On the other hand an unified (inclusive) L3 cache helps with maintaining cache c...

sliverstorm · on Aug 18, 2016

A unified L3 is expensive in a number of ways. It is large, which means it is geographically remote, as well as slow (for caches, big == slow). This costs lots of access latency.

It also has a bandwidth problem. If 64 threads are vying for access, you either build it with few access ports and it gets choked, or you build it with many access ports which is costly in area, power, & speed.

Two separate peer caches automatically have twice the bandwidth of one similar double-size cache, for the price of NUMA & cache coherency challenges.

There is no one right answer here. Bandwidth is far more important and coherency much easier in a small L1; as you go down the hierarchy, bandwidth needs shrink and coherency is more expensive.

BlackMonday · on Aug 19, 2016

I remember a rumour about a HPC-APU from AMD which would combine 16 Zen cores with a Vega GPU and HBM (High Bandwith Memory) as a L4 cache.
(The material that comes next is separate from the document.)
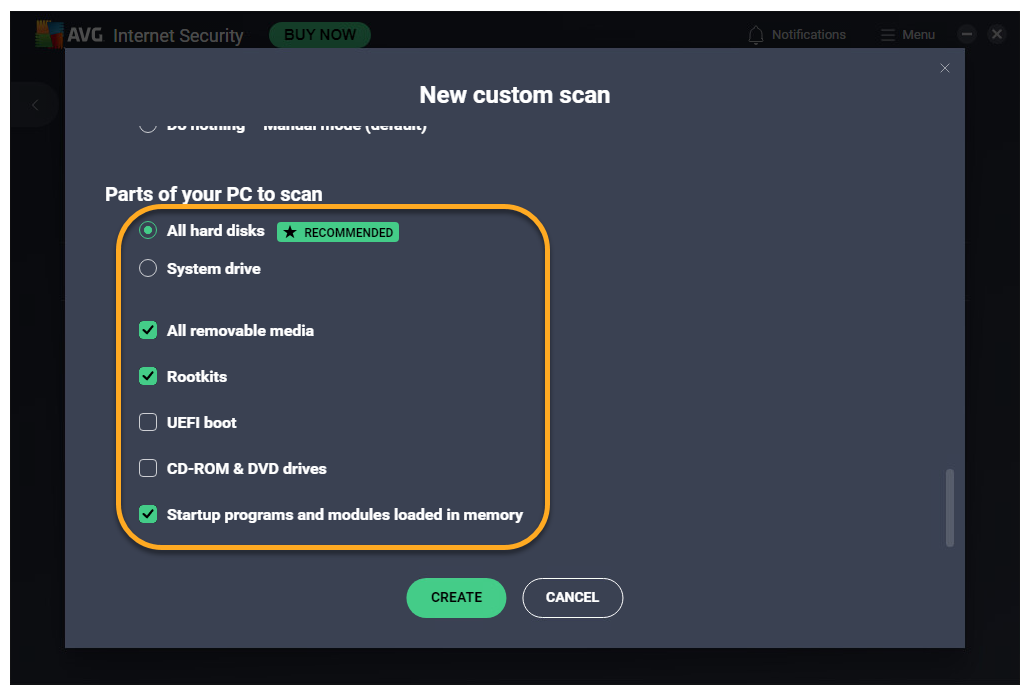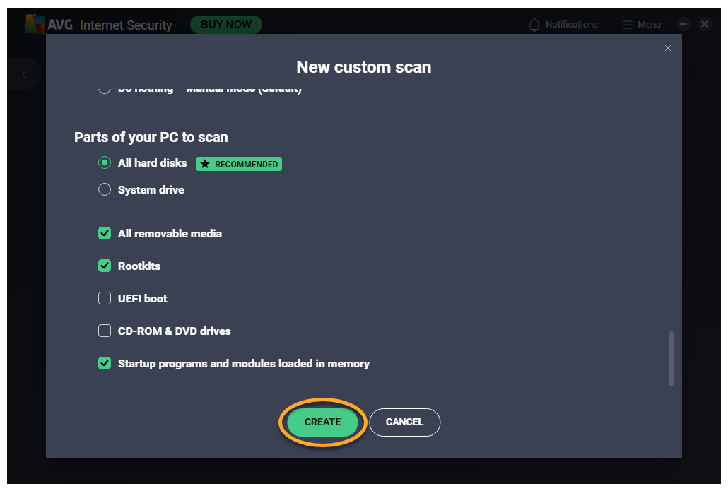 - BIOS UEFI: se questa opzione è selezionata, AVG esegue una scansione per rilevare eventuali minacce nascoste nel processo di avvio del BIOS UEFI.

I know a L4 cache would be much slower than a L3 cache, but I'm curious, could HBM as a L4 cache be one of the reasons why they didn't use a unified L3 cache?

Disclaimer: I don't know sh*t about hardware design as you can probably guess from my posting. ;o)

snuxoll · on Aug 19, 2016

L4 cache is more used as embedded memory for the on-die GPU, last I checked Intel only included their eDRAM L4 cache on Iris Pro equipped model as any on-die GPU worth its salt is going to be bandwidth constrained even with a relatively low amount of GPU cores.

Same situation with Zen, if they're going to include even a Polaris it would be highly memory constrained if it had to hit system RAM all the time, so another fat chunk of memory on-die will be necessary to not starve it and keep latency down (as it stands the RX 480 can pump 256GB/s).

BlackMonday · on Aug 19, 2016

Yeah, the bandwith problem is already noticeable with AMD's current APU's even though they use small GPU cores compared to discrete grapics cards. Faster DDR3/4 memory brings noticeable FPS improvements. If they already had HBM they would run circles around Intel (which they probably already do unless the competitor is a Iris Pro with eDRAM).

Could the CPU also profit from the HBM memory? The bandwith is much better than with DDR4 main memory (even if it is 2 or 4 channels), and I would guess the latency as well because it would be on the same die?

snuxoll · on Aug 19, 2016

HBM won't be on-die, but it will be on-package - HBM relies on chip stacking to get the desired throughput in a small surface area, regardless the latency and throughput would stomp system DRAM something awful, and if it's a proper L4 cache then the CPU would benefit as well.

IBM does something similar (though not for graphics) in recent POWER CPU's with the Centaur memory controller(s), they are off-chip memory controllers with a bunch of eDRAM to act as a L4 cache (though the difference here is each system has multiple centaur controllers to handle different DIMM slots). They're able to burst to ~96GB/sec to system memory using this, having a good amount of on-package HBM would probably yield similar gains :)

tcoppi · on Aug 18, 2016

Cache coherency might not necessarily be an issue if they treat each Cores->L3 pair as a NUMA node. I don't think they are doing that since we probably would have already heard about it if they are, but AMD has done crazier things before, and they are pretty good at NUMA architectures.

gpderetta · on Aug 18, 2016

what do you mean? NUMA nodes are still coherent.

tcoppi · on Aug 18, 2016

You're right, I don't know what I was thinking.